More info: https://msdata.visualstudio.com/DefaultCollection/AlgorithmsAndDataScience/_build/results?buildId=2265907

In which platform does it happen?

miguelgfierro commented 5 years ago

I got a weird error:

    @pytest.mark.smoke
    @pytest.mark.gpu
    @pytest.mark.deeprec
    def test_notebook_dkn(notebooks):
        notebook_path = notebooks["dkn_quickstart"]
        pm.execute_notebook(
            notebook_path,
            OUTPUT_NOTEBOOK,
            kernel_name=KERNEL_NAME,
            parameters=dict(epoch=1),
        )
        results = pm.read_notebook(OUTPUT_NOTEBOOK).dataframe.set_index("name")["value"]

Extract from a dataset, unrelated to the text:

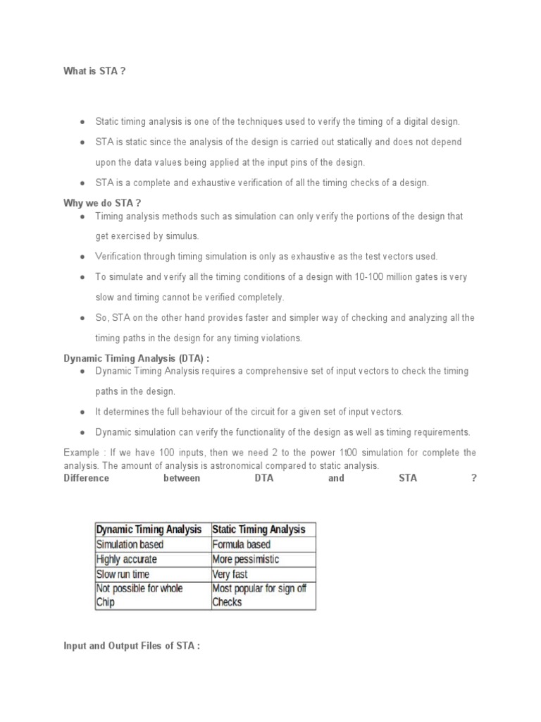 ● STA is a complete and exhaustive verification of all the timing checks of a design.

        assert results["res"]["auc"] == pytest.approx(0.4707, TOL2)
        assert results["res"]["acc"] == pytest.approx(0.5725, TOL2)
>       assert results["res"]["f1"] == pytest.approx(0.7281, TOL2)
E       assert 0.0 == 0.7281 ± 3.6e-01
E        +  where 0.7281 ± 3.6e-01 = <function approx at 0x7f10034c87b8>(0.7281, 0.5)
E        +    where <function approx at 0x7f10034c87b8> = pytest.approx

tests/smoke/test_notebooks_gpu.py:126: AssertionError
anargyri commented 5 years ago

This does not look good. You should not get zero F1 score.
Could you double check the initialization and the hyperparameters?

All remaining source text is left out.